Iñaki se durmió después recomponiendo en su cabeza aquella Nochevieja, seguramente la última que vivió como una persona normal, la última en la que comió las uvas, bailó y recibió el Año Nuevo con un brindis. Luego todo desapareció como tragado por un gigantesco agujero negro.

En su sueño había cuervos, nubes que rodaban saltando unas sobre otras y un hombre que le daba la espalda. Le despertó el sonido de un disparo, pero sólo existía en su cabeza. La pistola estaba fría e inmóvil, sobre la mesilla y la habitación estaba oscura. Mondragón.

Iñaki se levantó y contempló el valle verde extendido delante de él hasta perderse en la niebla.
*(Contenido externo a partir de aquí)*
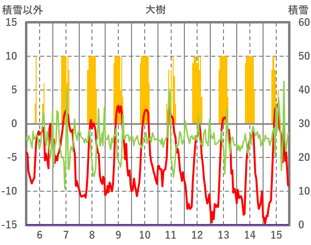 | 日 | 時 | 気温 | 降水 | 風向/風速 | 日照 | 積雪 | 降雪 |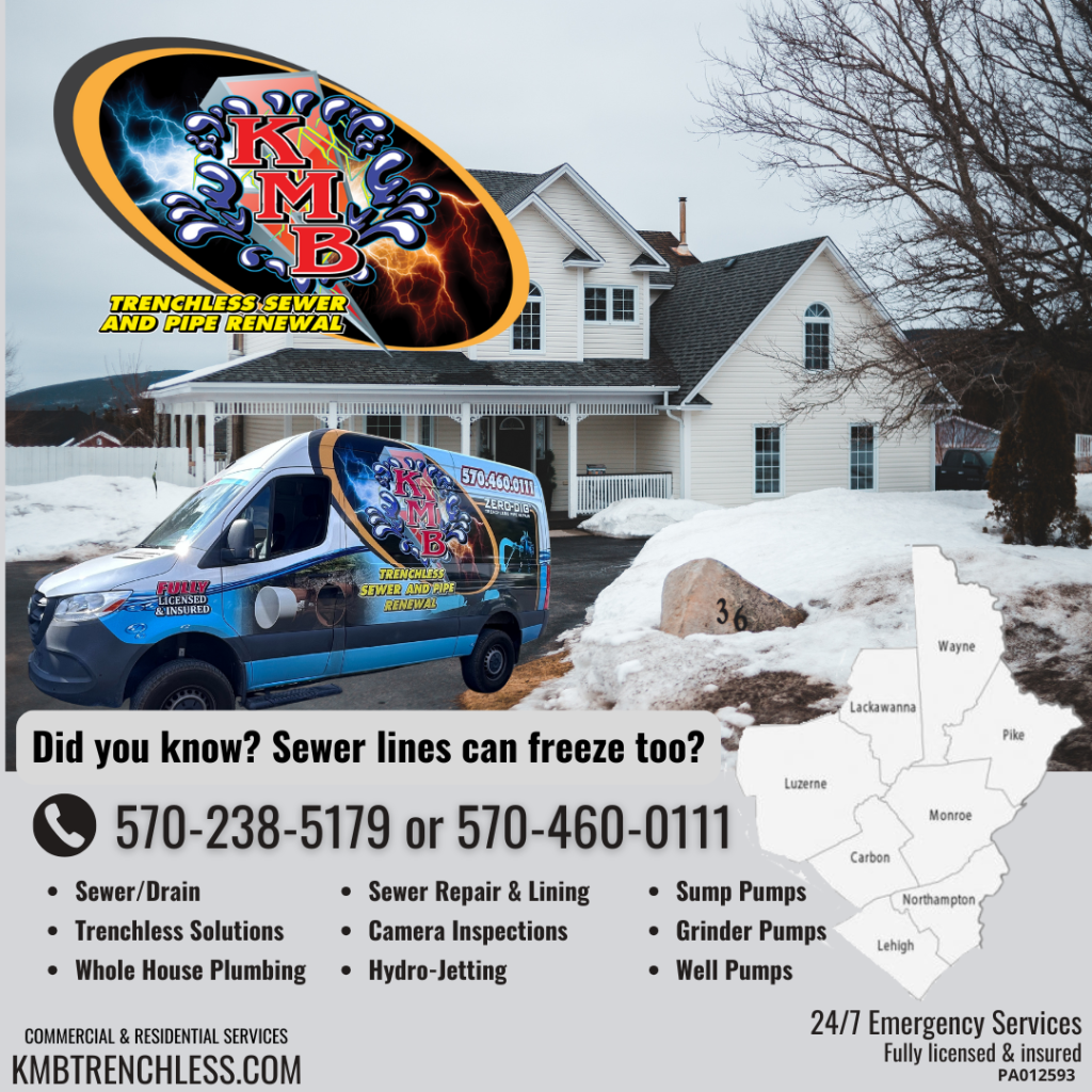 Most homeowners worry about exposed water lines in the winter, but your sewer line is also at risk when temperatures drop. If roots, cracks, or sagging sections are slowing down the flow, wastewater can sit in the pipe just long enough to freeze solid during a cold snap. A frozen sewer line can lead to major damage, messy backups, and expensive emergency repairs. If your drains are slowing down or acting “weird,” don’t shrug it off. Winter can turn a small sewer issue into a big problem fast. KMB Trenchless can inspect, clear, and protect your sewer line before the cold weather takes over. Call us today to schedule an inspection.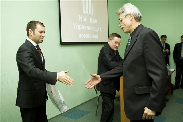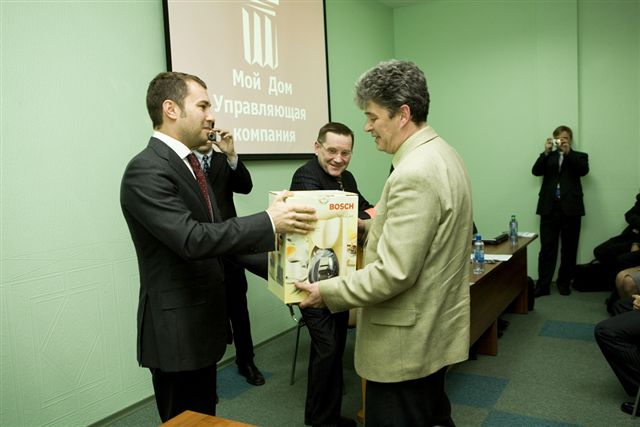 В заключение совещания был доведен приказ Генерального директора ООО «Мой Дом. Управляющая компания» о поощрении инженерно-технического персонала компании по итогам работы за 2007 год. Наиболее отличившимся сотрудникам были вручены ценные подарки, денежные премии, грамоты. Ряду сотрудников установлены персональные оклады.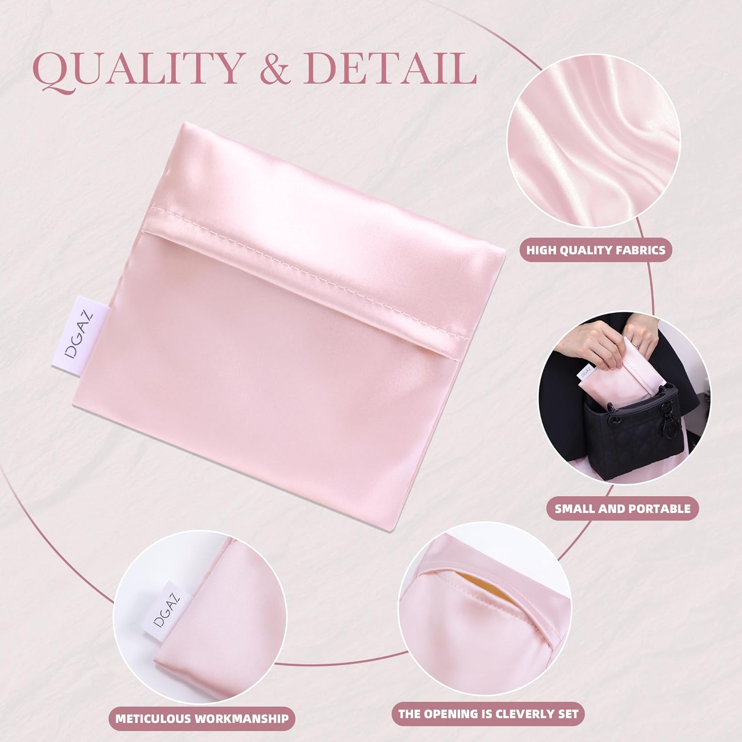 DGAZ Silk Sanitary Napkin Storage Bag, Period Bag for Teen Aged Girls, Portable Period Bag for Panty Liners/Menstrual Cup/Small Tampons,Mini Makeup Bag for Purse(Pink)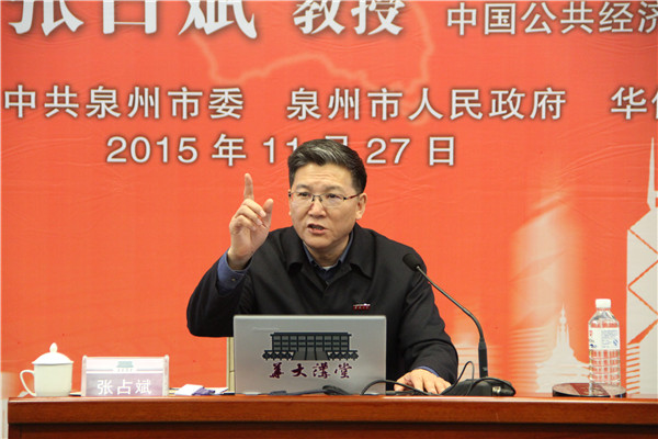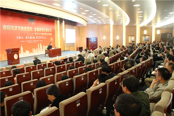 2015年10月召开的党的第十八届五中全会通过了《中共中央关于制定国民经济和社会发展第十三个五年规划的建议》。11月27日下午,国家行政学院张占斌教授做客“华大讲堂”第54讲,以“适应经济发展新常态,全面建成小康社会”为题,解析十八届五中全会精神。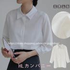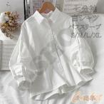 白シャツ シャツブラウス 春夏 きれいめ 七分袖 春物 レディース 前開き ボリューム袖 ゆったり 折襟 ボタン留め デザイン 大きいサイズ 無地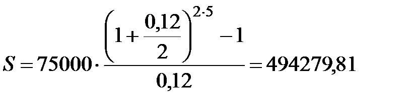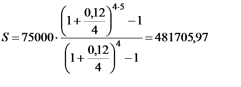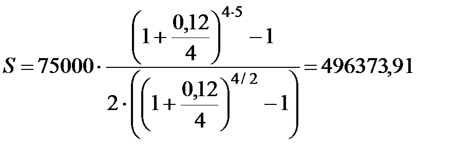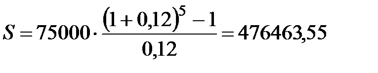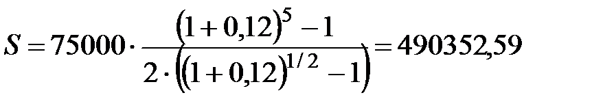 Пример 4.1 Фирма создает инвестиционный фонд. В течение 5 лет в фонд вносятся платежи в размере 75000 руб. в год под 12% годовых. Найти величину инвестиционного фонда через 5 лет, если: 1) платежи осуществляются один раз в году, проценты начисляются один раз в году; 2) платежи осуществляются один раз в году, проценты начисляются ежеквартально; 3) платежи осуществляются по полугодиям, проценты начисляются один раз в году; 4) платежи осуществляются по полугодиям, проценты начисляются по полугодиям; 5) платежи осуществляются по полугодиям, проценты начисляются ежеквартально.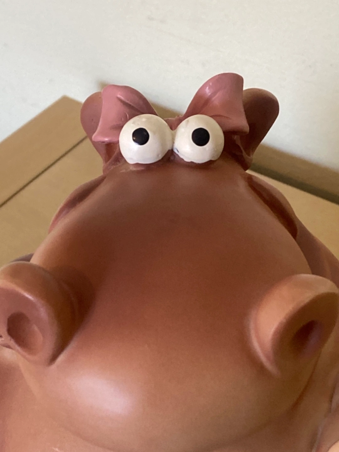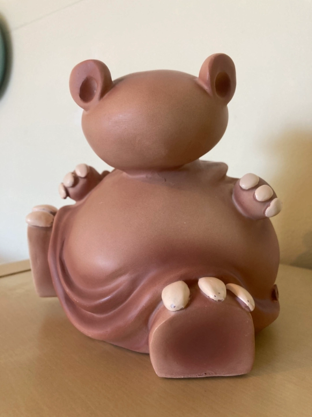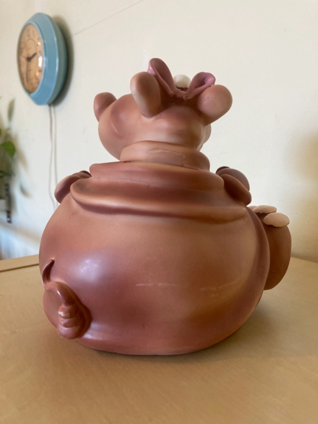 100Collectible Paolo Chiari hippopotamus with bow coin bank, made of resin, adorable and rare. 6” high, 6” wide and 6” deep. Pick-up only near Dufferin Station.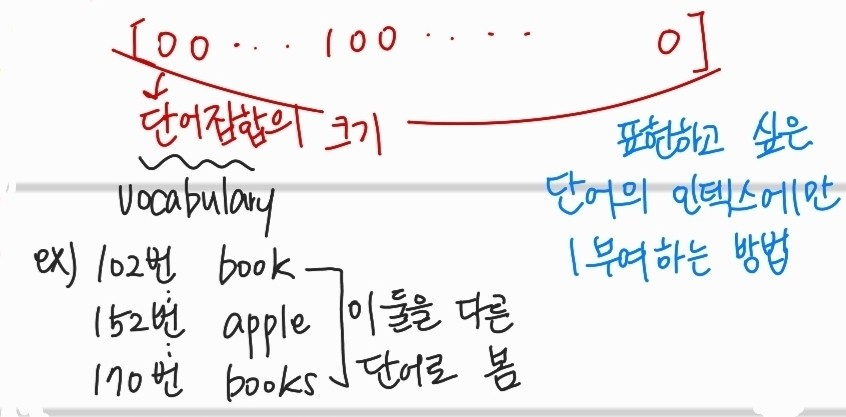 각 단어에 대해서 인덱스화하여 표현하고 싶은 단어의 인덱스만 1로 부여한다.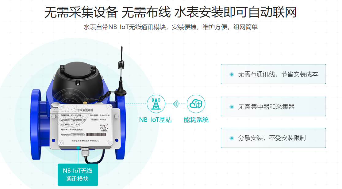 NB無線組網抄表方案,不需要再額外配置采集設備和電力線,不管水表安裝的位置距離有多分散有多遠,水表與系統(tǒng)之間都可以交互信息,實現遠程抄表,是工廠、工業(yè)園區(qū)、公共建筑以及其他水表分散安裝,且需要實現通訊功能的場合的最佳選擇。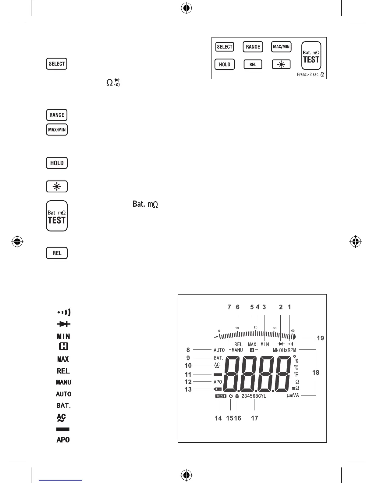the battery internal resistance, the measurement is locked and doesn’t stop until you press this button again.

Debía hacer frío y aquel 31 de diciembre también lo hacía. Los polismilis habían desaparecido y ellos, sólo ellos, los milis, tenían el poder en la organización e Iñaki había optado, con ellos, por la lucha armada pura y dura. Guevarismo puro, la guerra de guerrillas arrastrará a las masas, provocará un levantamiento. Nunca se había entendido con los intelectuales, los que anteponían a la acción directa inacabables reuniones y panfletos y más panfletos. Tenía ya en la cabeza sus próximos objetivos, ya bajo su responsabilidad y era como si se estuviera tomando un respiro antes de coger el fusil y lanzarse al monte.

Lo curioso es que mirando hacia atrás casi no recordaba nada en concreto. Sí, el viejo bar donde se habían reunido por última vez los viejos compañeros. La última vez que vio a Patxi, al Patas y la última vez que su hermana Irune había estado con ellos. ¿Fue entonces cuando rompieron? O no, tal vez al año siguiente, en casa de amá. No podía recordarlo.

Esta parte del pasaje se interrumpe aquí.